27.December.2004 at 17:16 (+0000) by Robin S.

In his post “Excellence vs. Mediocrity“, James Frederick Dwight demonstrates part of the problem with today’s schools society:

I should say here, clearly, that I do not blame any of the above changes on my friends who ran/run the program and who, to a person, are people I admire deeply. Rather, like any good institution, they have been offering what their customers demand. In this case their customers (the parents) want to be told their children are special or at the very least don’t want to hear the opposite. I should also add the guts of the program remain exceptional and unchanged; it’s only the publicly visible portions of the program that have been hammered.

The election was supposedly one about values. Well here’s a couple of values for you – I value excellence and I value honesty. As a program our hands were tied because the parents didn’t feel the same way. And little will change in our schools until that changes.

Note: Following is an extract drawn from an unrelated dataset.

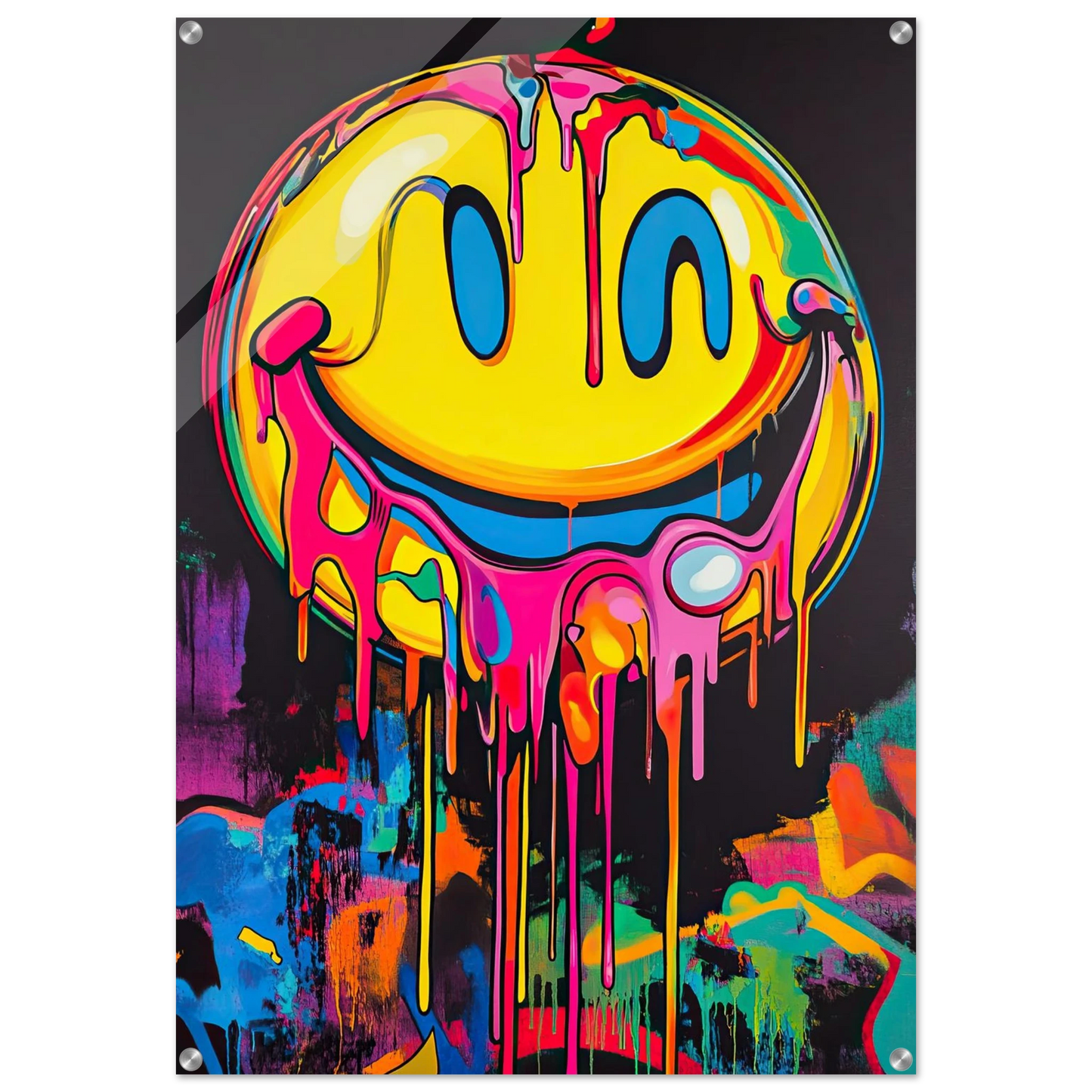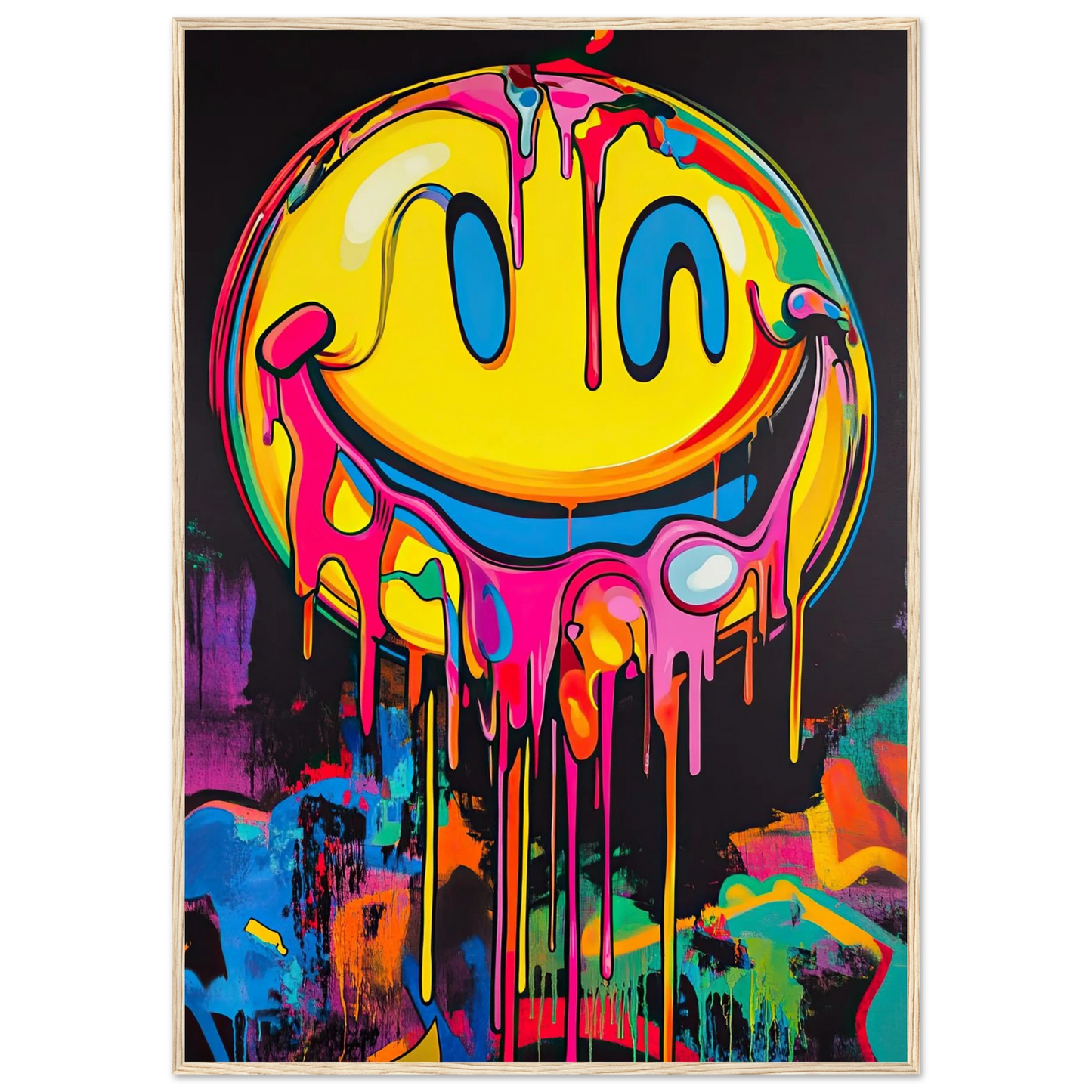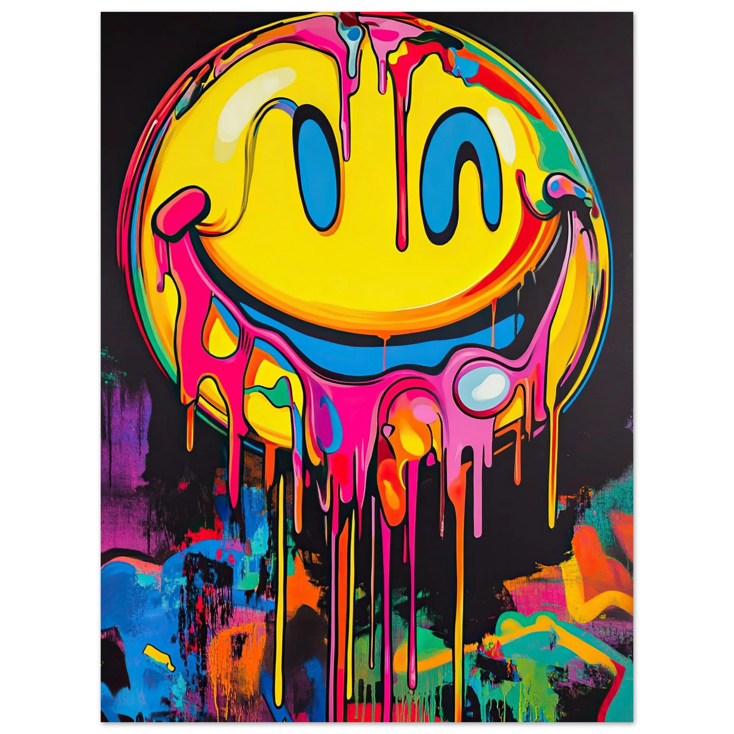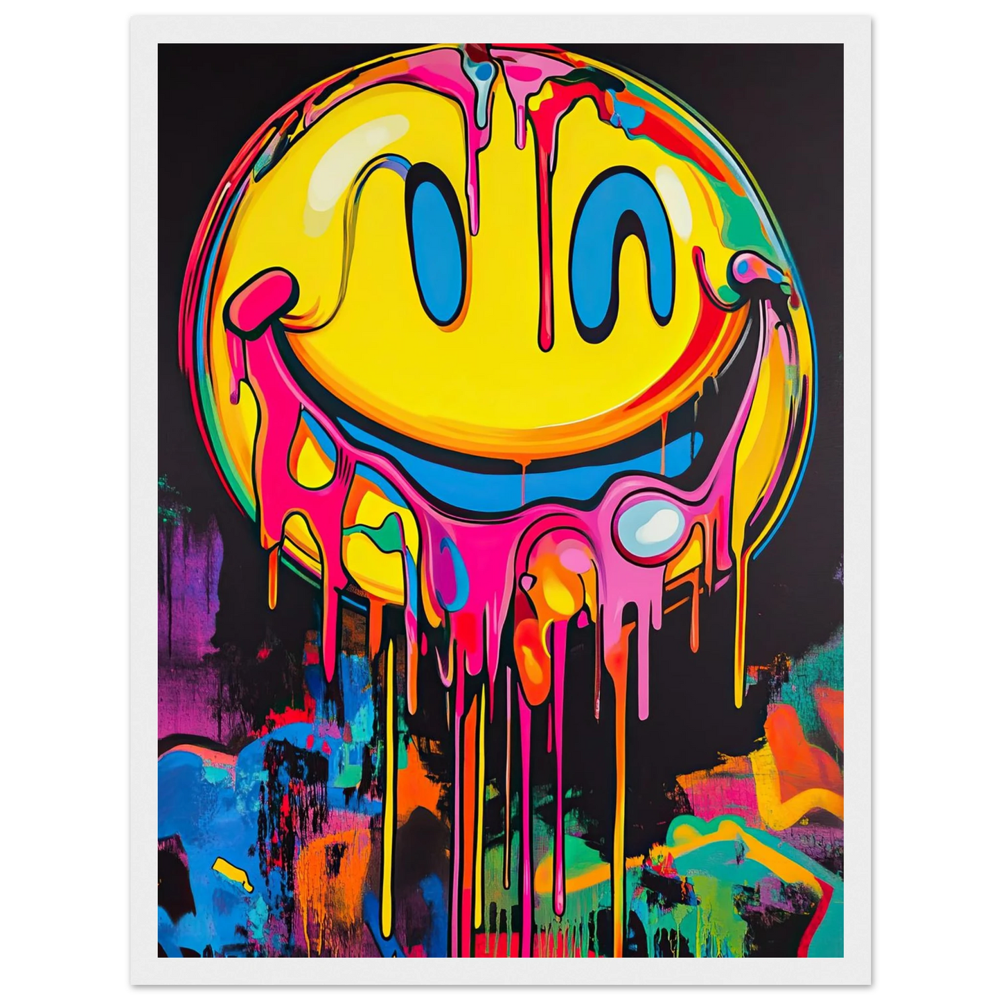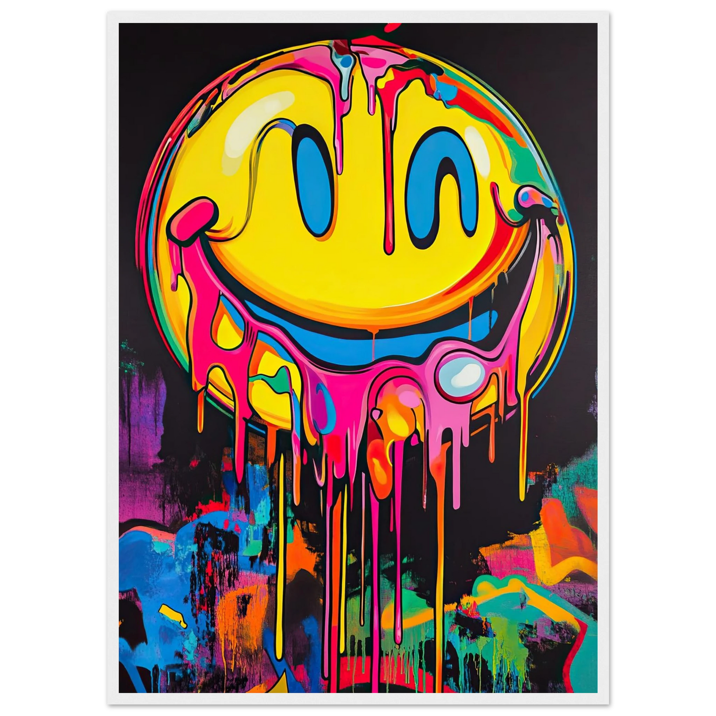 Et ikonisk smilefjes smelter nedover lerretet i en eksplosjon av neonrosa, gult og elektriske fargetoner. Den lekne kontrasten mellom det glade symbolet og den rå, dryppende effekten gir motivet både humor og edge. Perfekt for deg som vil tilføre rommet et urbant blikkfang med popkulturell attityde.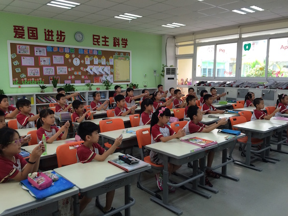在課堂場景下,學(xué)生使用學(xué)信班級通完成聽課到效果檢驗(yàn)的全過程,班級通由教師機(jī)和若干學(xué)生機(jī)組成,能夠在課堂場景下完成點(diǎn)名、全員回答和強(qiáng)大等功能。老師在PPT中設(shè)置互動環(huán)節(jié),并要求學(xué)生通過學(xué)生機(jī)端進(jìn)行相應(yīng)操作,能夠在課堂進(jìn)行的不同時間點(diǎn)根據(jù)學(xué)生的互動情況監(jiān)測到學(xué)生參與情況和成績。例如,老師在PPT中隔一段插入一個互動題目,要求學(xué)生通過學(xué)生機(jī)實(shí)時作答,并能夠?qū)崟r收集到每個學(xué)生的答題用時和答案,以此掌握到學(xué)生的課堂參與情況。

The whole post is worth a read.

I completely understand the desire to hear that someone you care about is exceptional, but demanding that schools (which nurture and grade only one or two of the plethora of possible ways one can be exceptional) recognize every student as exceptional is absurd. After all, as was pointed out twice during the movie The Incredibles, when everyone is exceptional, no one is.

I don’t see what the harm is in letting people have a solid understanding of what their potential is in certain areas. Everyone has their own strengths. Some people are exceptional in the area that school systems are designed to recognize, and those students should be recognized in school. Should the school system, ostensibly designed to educate students, be responsible for recognizing those students whose strength is an exceptional empathy for their fellow man? What about those who are simply very, very good at managing the strengths they have and putting them to their best possible use? A good sense of humor?

Parents need to learn (and teach their children) that just because children aren’t exceptional in those areas that a school is fit to recognize doesn’t mean they aren’t important, nor does it mean that they’re not exceptional in some other way that a school isn’t fit to recognize. We need to understand that not being exceptional isn’t an insult.